How it works: Each Telegram Forum topic maps to one tmux window running one agent. Messages you type go in as keystrokes; the agent's responses come back as Telegram messages with MarkdownV2 formatting. Interactive prompts (permissions, plan mode, ask-user questions) are rendered as inline keyboard buttons you can tap.
Key features:
- Multi-provider — Claude Code, Codex, and Gemini in the same session. Each topic can run a different agent. Auto-detects provider from running processes. - Interactive UI from your phone — Permission prompts, AskUserQuestion, ExitPlanMode rendered as tap-to-respond inline keyboards. No more returning to your desk just to hit "y". - Real-time monitoring — Live status line, assistant responses, thinking content, tool use/result pairs streamed to Telegram. - Hook-based event system — 5 Claude Code hook event types (SessionStart, Notification, Stop, SubagentStart, SubagentStop) for instant detection — no polling delay for interactive prompts. - Session lifecycle — Directory browser to create sessions, auto-sync for manually created tmux windows, Fresh/Continue/Resume recovery when sessions die, paginated message history. - Terminal screenshots — Capture the current pane as a PNG image, right from Telegram. - Sessions dashboard — Overview of all running sessions with status and kill buttons. - Agent command passthrough — Send /clear, /compact, /cost, or any slash command directly to the agent. - Multi-instance — Run separate bots per Telegram group on the same machine.

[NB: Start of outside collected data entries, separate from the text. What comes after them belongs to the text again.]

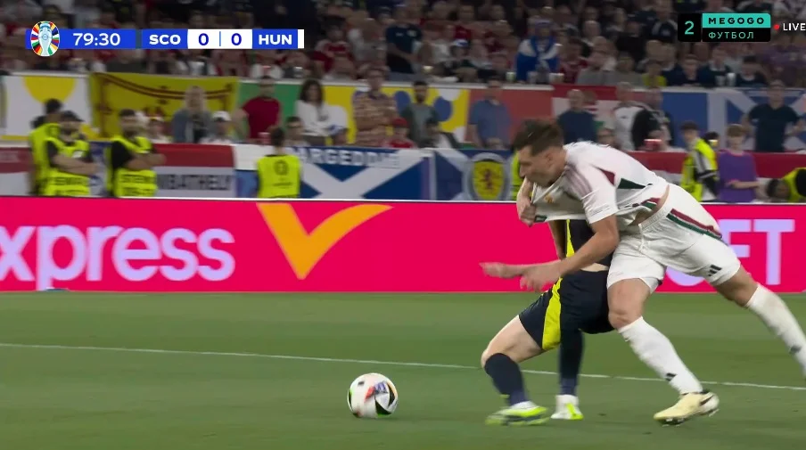 От тільки Угорщина й сама діяла пасивно. У перші 20 хвилин команда пресингувала тільки епізодично, та і тиск в середньому блоці був явно недостатнім. У другій половині тайму мадяри додали в інтенсивності пресингу та єдиноборств – і шотландці зі своїм ватокатом почали припуститися помилок, наражаючись на контратаки.
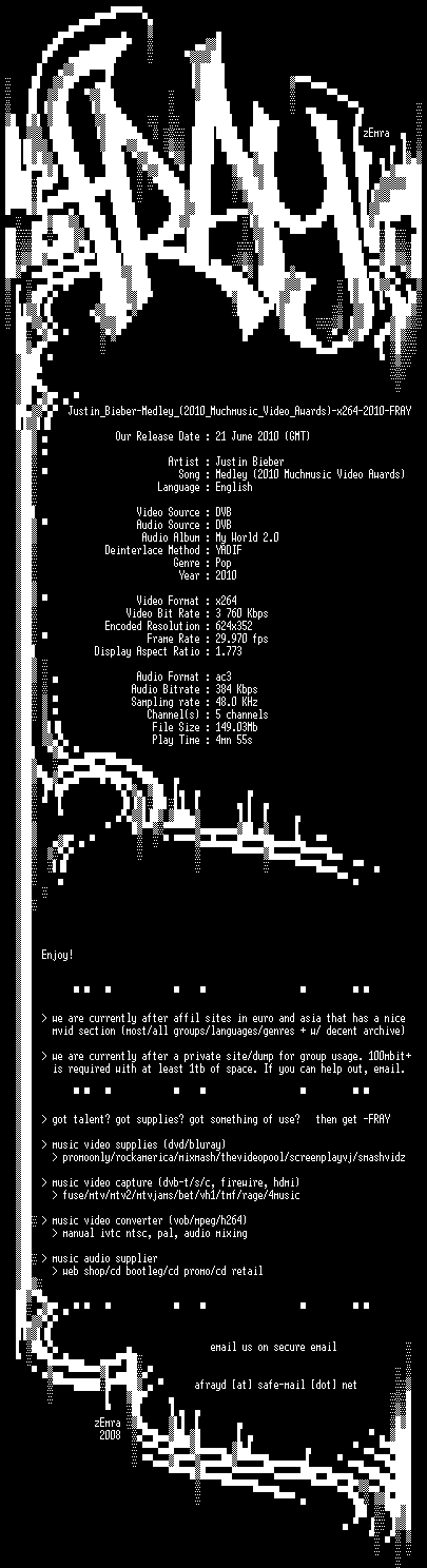 | FiLENAME: | Justin_Bieber-Medley_(2010_Muchmusic_Video_Awards)-x264-2010-FRAY.mkv |
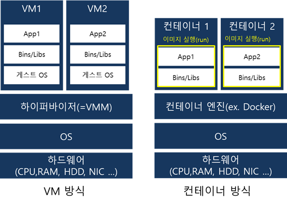 | 가상 머신 | 컨테이너 | |
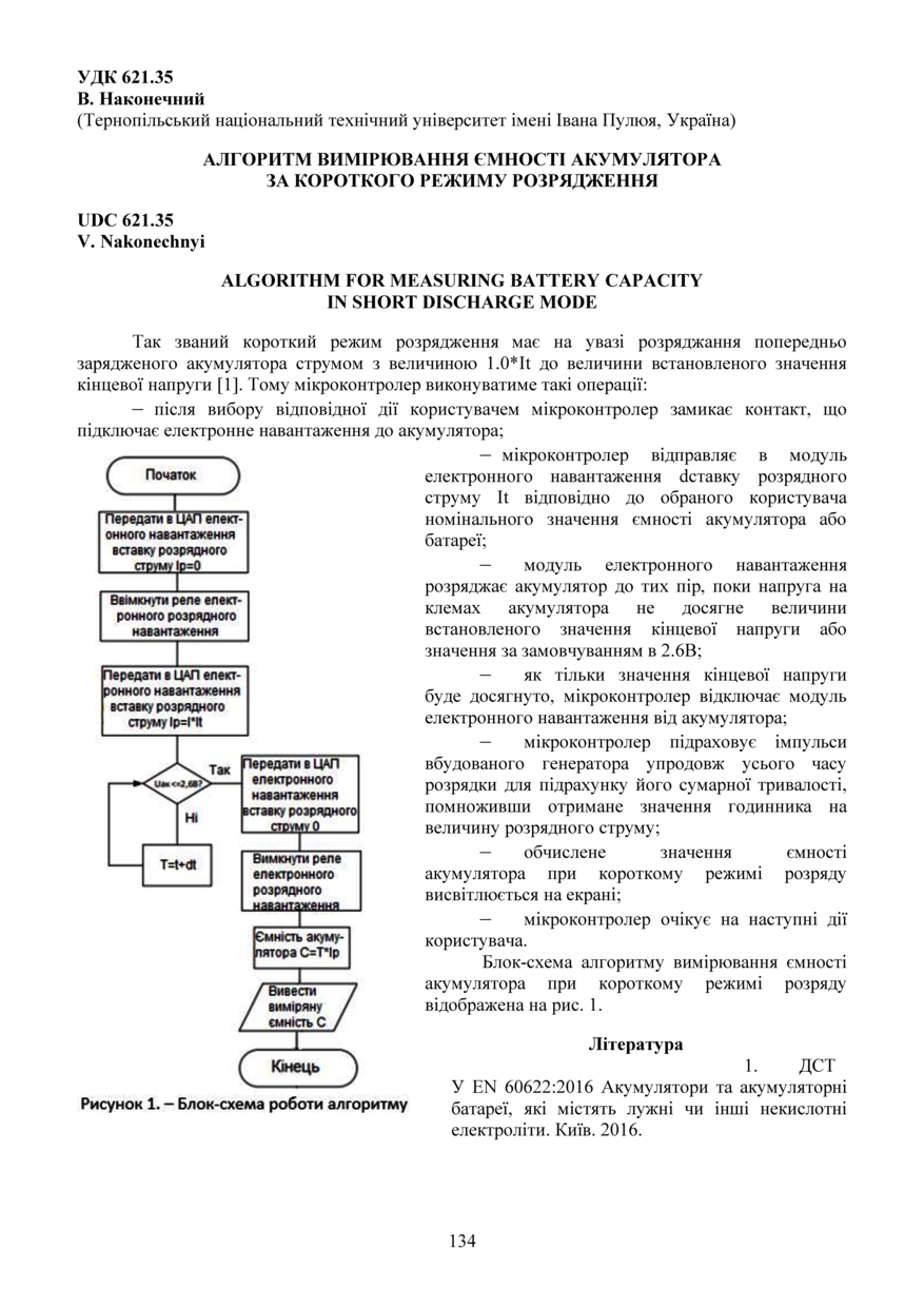 Bibliographic citation (APA): Nakonechnyi, V. (2025). Alhorytm vymiriuvannia yemnosti akumuliatora za korotkoho rezhymu rozriadzhennia [Algorithm for measuring battery capacity in short discharge mode]. Materials of the ⅩⅢ Scientific and Technical Conference “Information Models, Systems, and Technologies”, 17-18 December 2025, Ternopil, 134. TNTU. [in Ukrainian].
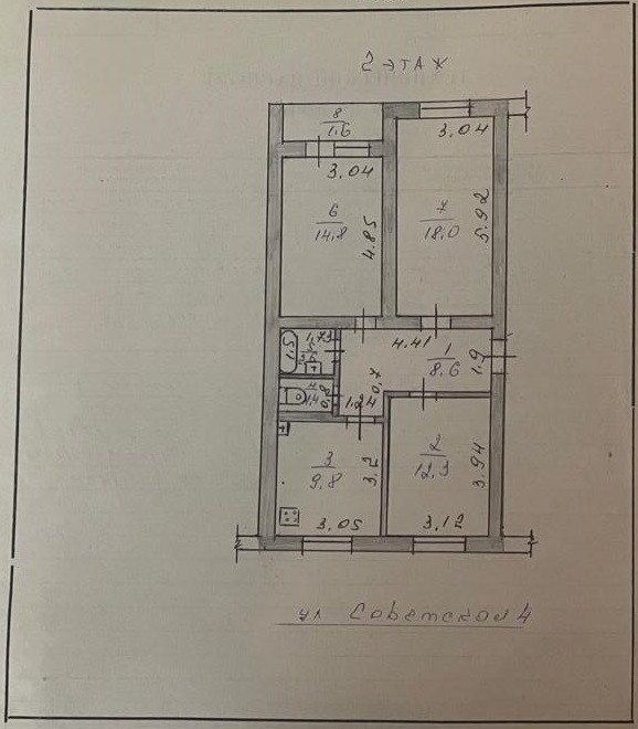3-комнатная квартира, 67.5 м2, этаж 2 / 5, на продажу в селе Богословка, Советская улица, 4
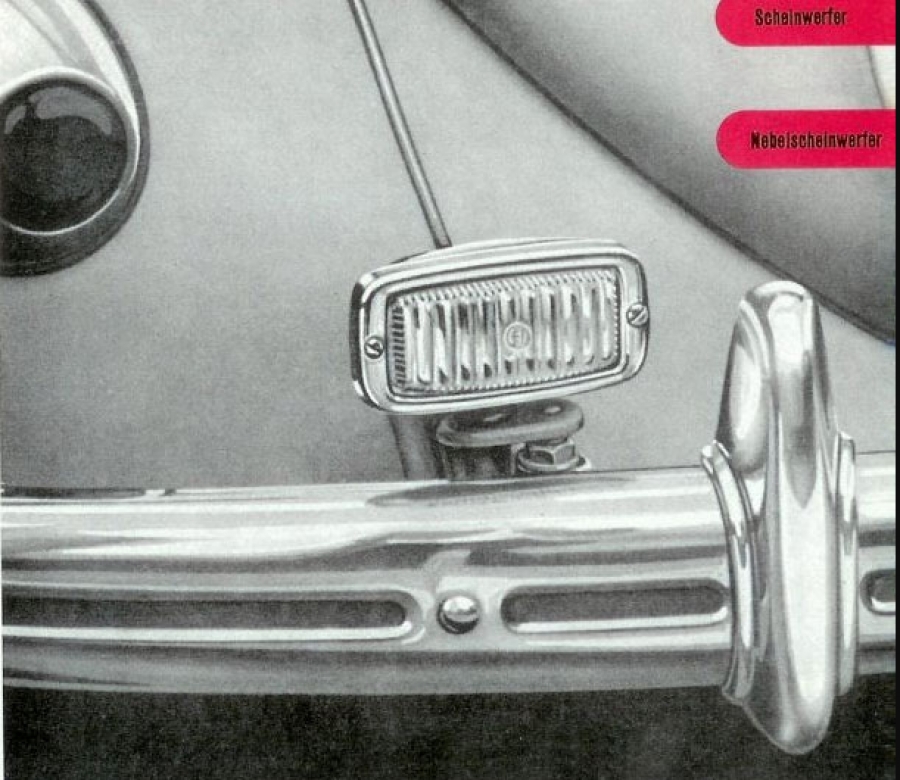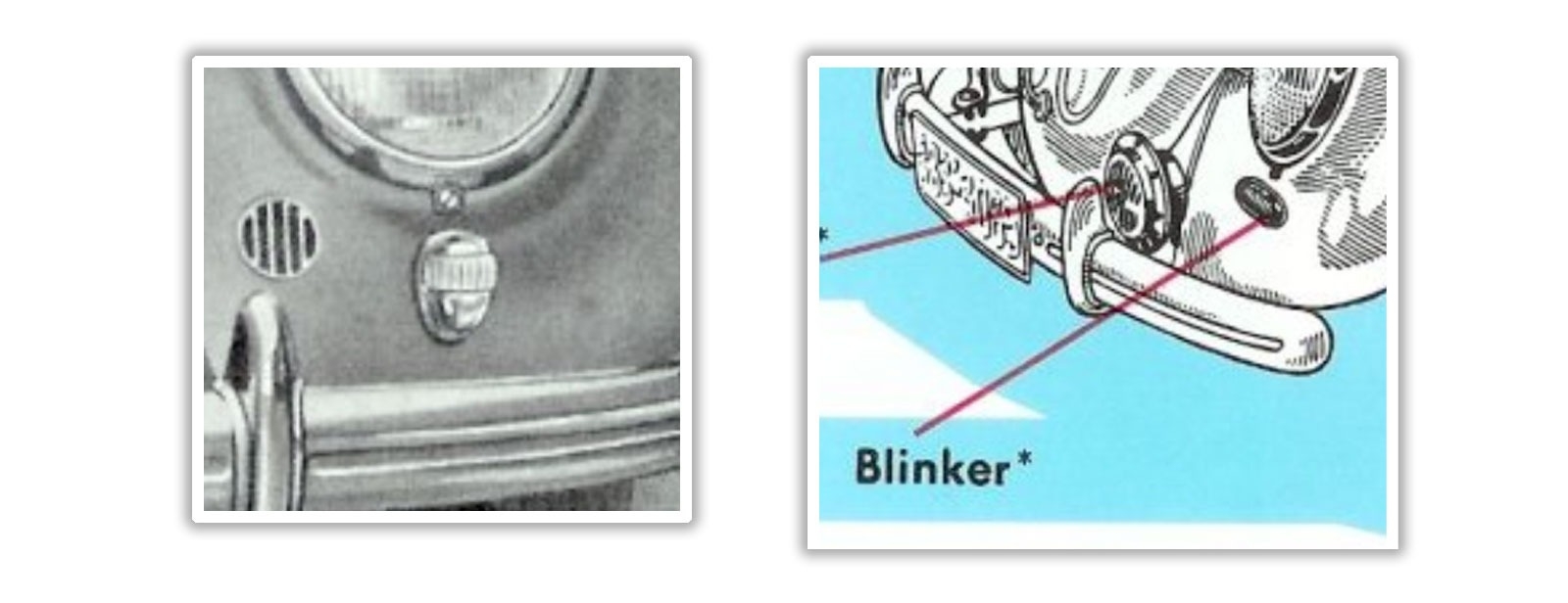 Эти нештатные поворотники могли быть самыми ранними мигающими указателями, которые можно было достать для своего «Жука», по крайней мере из тех, что рекламировались именно для VW. Вот как выглядели указатели от Bosch, спереди и сзади:
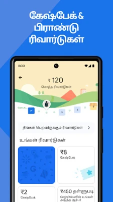 Google Payயின் மேம்பட்ட அம்சங்களுடன் உங்கள் நிதி மேலாண்மையை அடுத்த நிலைக்கு உயர்த்துங்கள். உங்கள் டெபிட் மற்றும் கிரெடிட் கார்டுகளை Google Pay உடன் இணைத்து ஆன்லைன் மற்றும் NFC ஆதரவுள்ள டெர்மினல்களில் தொடுதலின்றி பணம் செலுத்துங்கள். MMTC-PAMP நிர்ணயித்த விலையில் 24 கேரட் தங்கத்தை வாங்கவும், விற்கவும், ஏன் வெகுமதிகளாகப் பெறவும் முடியும். உங்கள் தங்கம் பாதுகாப்பான Google Pay லாக்கரில் வைக்கப்படும் அல்லது தங்க நாணயமாக உங்கள் வீட்டிற்கே அனுப்பப்படும். புதிய வெகுமதி திட்டங்களின் மூலம் நண்பர்களைப் பரிந்துரைப்பதன் மூலமும், சலுகைகளைப் பெறுவதன் மூலமும், பணம் செலுத்துவதன் மூலமும் உங்கள் வங்கிக் கணக்கிலேயே கேஷ் ரிவார்டுகளைப் பெறுங்கள். DMI Finance வழங்கும் கடன்களையும் Google Pay வழியாகப் பெறலாம், இதில் 3 முதல் 48 மாதங்கள் வரை திருப்பிச் செலுத்தும் கால அவகாசம் மற்றும் வெளிப்படையான செயலாக்கக் கட்டணங்கள் மற்றும் வட்டி விகிதங்கள் உள்ளன. Google Pay, உங்கள் நிதிப் பரிமாற்றங்கள் அனைத்திற்கும் மேம்பட்ட பாதுகாப்பு மற்றும் நிகரற்ற வசதியை வழங்க உறுதிபூண்டுள்ளது.
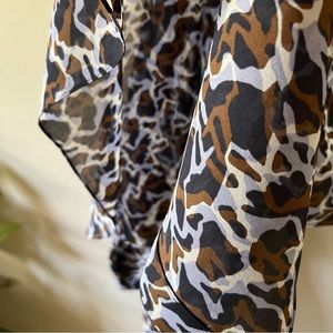 Flattering, flowy silhouette cut in luxurious silk chiffon fabric. This shirt has minimal detailing, allowing the pattern be the defining feature. Flat front, no pockets, long sleeves, classic collar. A dose of "urban sophistication" for your fresh but smart workwear.

Install: `uv tool install ccbot` or `brew install alexei-led/tap/ccbot`
Credits: CCBot started as a fork of https://github.com/six-ddc/ccbot, who created the original Telegram-to-Claude-Code bridge — a clever idea that I immediately wanted to build on. The project has since been rewritten with multi-provider support, topic-based architecture, interactive UI, hook event system, and a 1250+ test suite. Thanks to six-ddc for the original idea and implementation that got this started.
Tech: Python, python-telegram-bot, tmux, pyte (VT100 emulation), structlog. MIT licensed.
Would love feedback — especially from anyone running AI agents on remote machines or headless setups.